1. Problem Description
You are asked to find the n-th ugly number.
An ugly number is a positive integer whose prime factors are only 2, 3, or 5.
The sequence of ugly numbers starts with:
1, 2, 3, 4, 5, 6, 8, 9, 10, 12, 15, …
Your task:
Given an integer n, return the n-th ugly number.
2. Example
Input:n = 10
Output:12
Explanation:
The first 10 ugly numbers are:[1, 2, 3, 4, 5, 6, 8, 9, 10, 12]
3. Naive Approach (Brute Force)
- Start from
1and check if each number is ugly. - Divide the number by 2, 3, and 5 as long as possible.
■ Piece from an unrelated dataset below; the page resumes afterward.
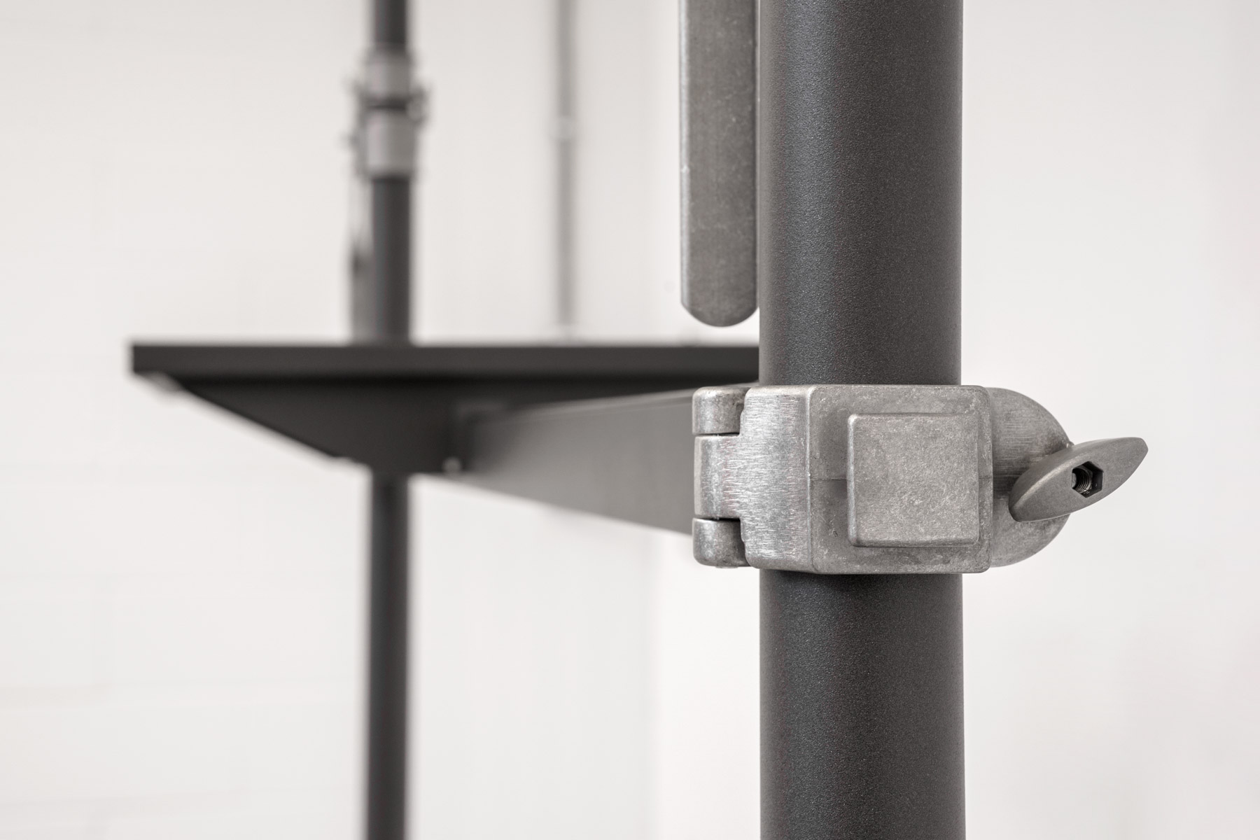 AUTOPOLE is a telescopic, tension mounted, freestanding pole, secured with a simple lever movement. With a wide range of connectors and accessories that permit full flexibility and infinite visual solutions: it can be used to display, hold, and communicate with 360° potential. The system’s fundamental characteristic is the quickness with which it can be assembled without the need for tools. Autopole is available in silver anodized aluminum, black anodized and dark grey painted finish. ALU’s AUTOPOLE is one of the best-selling fixtures within the retail sector, and continues to be a product icon in the photographic world.

- If the result becomes 1, it’s an ugly number.
However, this is too slow for large n (e.g., 1690), because we’d check many numbers.
Time Complexity: O(n log n) or worse
Space Complexity: O(1)
4. Optimized Dynamic Programming Approach
The key observation:
- Every ugly number can be obtained by multiplying a smaller ugly number by either 2, 3, or 5.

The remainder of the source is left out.